Innovation update | New available ParentText UX

Phone mock-up with screen open on ParentText app.

5 Day UX - Early results from the ParentText 2.0 optimisation showed impressive improvements in user interaction, but retaining users for 38 days of curriculum remains a challenge, especially without external support. With this knowledge, the PLH content team retooled ParentText curriculum to deliver core parenting concepts of relationship building, giving praise, taking a pause, setting routines, and talking about feelings, to be delivered up-front to users in the first 5 days of interaction - all scaffolded around spending 5 minutes of One-on-One Time with children. Over five days, participants engage with five core lessons to earn their Positive Parenting Certificate. This method emphasises early exposure to essential content for improving their relationship with their child or teen and enabling parents to customise their learning paths by choosing relevant lessons thereafter.

PLH, in collaboration with UNICEF Mexico and government partners, has launched the first localised version of this new user experience in the Crianza con Conciencia+* chatbot, piloting it for parents and caregivers of children aged 2-17. 

 

The chatbot includes surveys, quizzes, comics, tips, and home assignments, offering content in text, audio, or AI video, tailored to each user's profile, including the child’s age and caregiver's gender. Completing the course provides access to an extensive library of optional additional content. In Mexico, caregivers are enrolled in the chatbot through an in-person onboarding session and receive ongoing support through facilitator-led WhatsApp chat groups. The next deployment of this 5 Day UX will occur in South Africa under the GPI, within a randomised control trial exploring its impact as a digital-only intervention, without facilitator support.

 

An all audio chatbot for low-to-no literacy users (Rohingya Text) - a chatbot tailored to Rohingya parents and caregivers of 2 to 6-year-olds residing as refugees in Malaysia was designed by PLH, and piloted among 80 families with support from UNICEF Malaysia. This audio-only chatbot delivers five lessons over 10 days, allowing the users to experience the ParentText curriculum through short audio messages. The user experience was uniquely tailored to the lives of Rohingya refugees through co-design workshops. All parts of the chatbot, including a help menu and access to safeguarding resources, have been built to support illiterate users. This user experience is the first of its kind among RapidPro products globally.

 

Tip-focused chatbot (ParentText for Parents in Crisis*) - As part of the Africa 5 Nations project, with support from the Government of Japan through the Global Partnership to End Violence Against Children, a new CrisisText chatbot user experience digitises UNICEF, UNHCR, and WHO-approved parenting tips for crisis situations. The user experience was co-designed by PLH with parents who have experienced a crisis with their children in Ukraine, Democratic Republic of Congo, and Rwanda.  This universal content package offers a bank of 10 concise, applicable tips.

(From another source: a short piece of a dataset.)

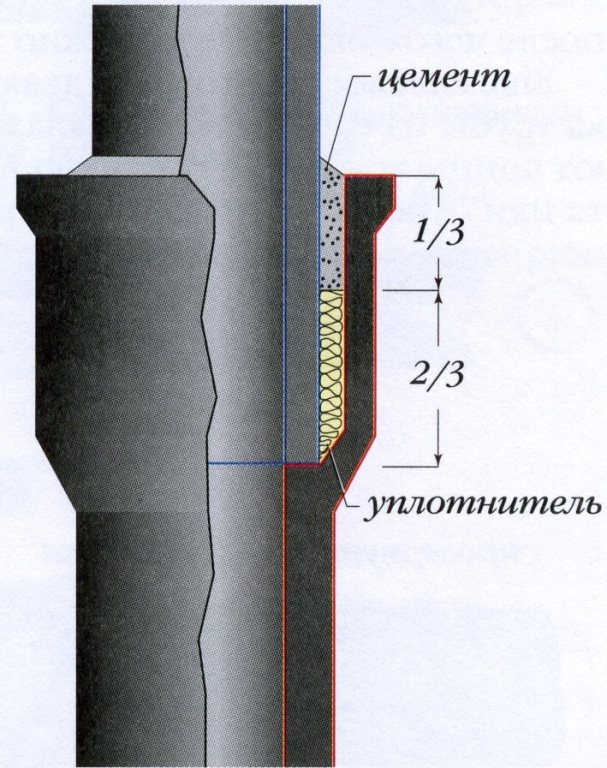 Des tuyaux similaires sont également équipés de douilles, ils sont donc simplement insérés les uns dans les autres. La jonction s'avère lâche et les lacunes doivent être éliminées à l'aide d'un câble ordinaire. Après cela, vous devez utiliser n'importe quel agent imperméabilisant: mastic silicone, mastic ou ciment.

Using this ready-to-deploy format, countries can rapidly and affordably deploy a contextualised chatbot in emergency contexts. 

 

* Note:Funding for ParentText for Parents in Crisis is external to the GPI however technologies developed are available for future GPI deployments. IDEMS International is the technology partner for all deployments. 

 

Components of a 5 day user experience:

 

CHAT: Optional participation in a weekly facilitator-led cohort chat session connects parents with one another and encourages continued participation.

 

TROUBLESHOOT: If progress isn’t being made against core indicators, such as quality time or reduced parent stress, parents receive tailored troubleshooting support to help them solve common challenges. 

 

SAFEGUARD: ParentText’s safeguarding protocol offers users access to local resources for safety, sexual violence, police, and more. 

PLAY : At the end of each daily interaction, parents are offered a randomly generated playful activity to complete with their child or teen. Parents can choose from activities that are calm, active, quick, or appropriate for a group.